Identification of gene co-regulatory modules and associated cis-elements involved in degenerative heart disease
Department of Pharmacology, SUNY Upstate Medical University, Syracuse, NY, USA
BMC Medical Genomics 2009, 2:31 doi:10.1186/1755-8794-2-31Published: 28 May 2009
Cardiomyopathies, degenerative diseases of cardiac muscle, are among the leading causes of death in the developed world. Microarray studies of cardiomyopathies have identified up to several hundred genes that significantly alter their expression patterns as the disease progresses. However, the regulatory mechanisms driving these changes, in particular the networks of transcription factors involved, remain poorly understood.

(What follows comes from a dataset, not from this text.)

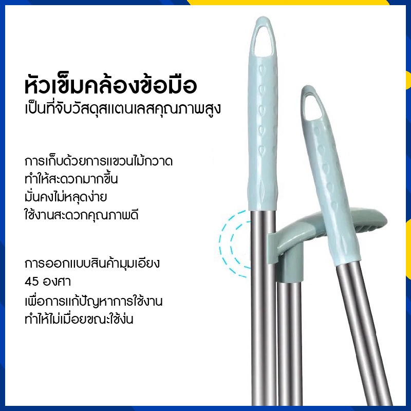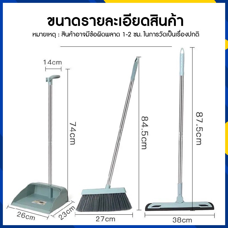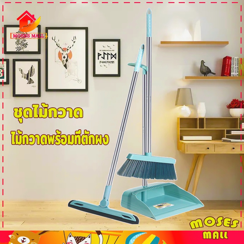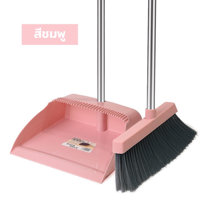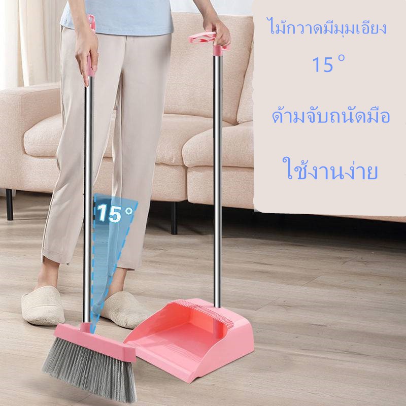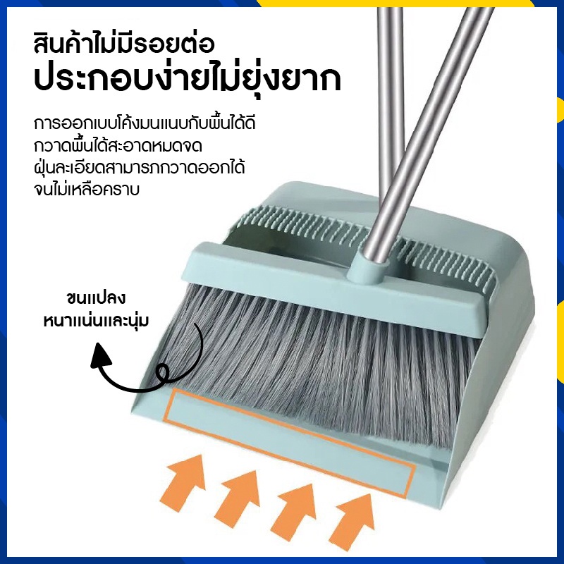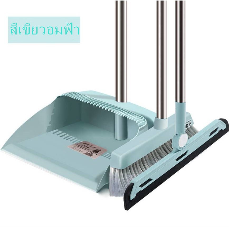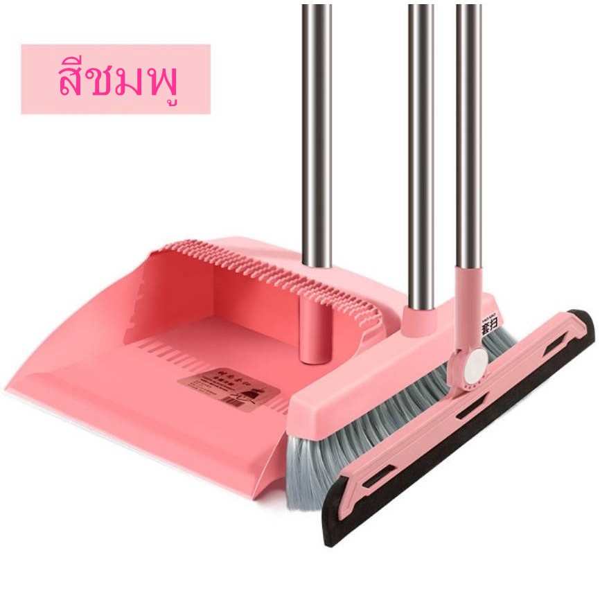 ไม้กวาด ชุดไม้กวาด มีแปรงในตัวพร้อมที่ตักขยะ ตั้งเก็บได้ ไม้กวาดหมุนได้

Our goals are (A) to identify modules of co-regulated genes that undergo similar changes in expression in various types of cardiomyopathies, and (B) to reveal the specific pattern of transcription factor binding sites, cis-elements, in the proximal promoter region of genes comprising such modules.
We analyzed 149 microarray samples from human hypertrophic and dilated cardiomyopathies of various etiologies. Hierarchical clustering and Gene Ontology annotations were applied to identify modules enriched in genes with highly correlated expression and a similar physiological function. To discover motifs that may underly changes in expression, we used the promoter regions for genes in three of the most interesting modules as input to motif discovery algorithms. The resulting motifs were used to construct a probabilistic model predictive of changes in expression across different cardiomyopathies.

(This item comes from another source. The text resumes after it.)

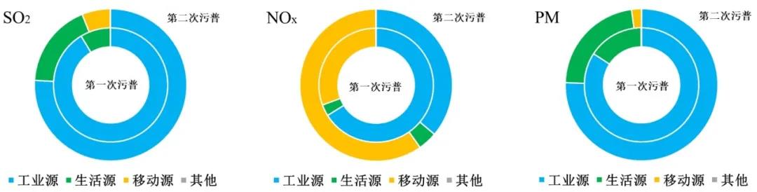 工业源对空气污染物排放和温室气体排放均有较大贡献,虽近年来工业源排放得到较为有效的控制,但其排放占比仍然较重(图1)。

We found that three modules with the highest degree of functional enrichment contain genes involved in myocardial contraction (n = 9), energy generation (n = 20), or protein translation (n = 20). Using motif discovery tools revealed that genes in the contractile module were found to contain a TATA-box followed by a CACC-box, and are depleted in other GC-rich motifs; whereas genes in the translation module contain a pyrimidine-rich initiator, Elk-1, SP-1, and a novel motif with a GCGC core. Using a naïve Bayes classifier revealed that patterns of motifs are statistically predictive of expression patterns, with odds ratios of 2.7 (contractile), 1.9 (energy generation), and 5.5 (protein translation).
We identified patterns comprised of putative cis-regulatory motifs enriched in the upstream promoter sequence of genes that undergo similar changes in expression secondary to cardiomyopathies of various etiologies. Our analysis is a first step towards understanding transcription factor networks that are active in regulating gene expression during degenerative heart disease.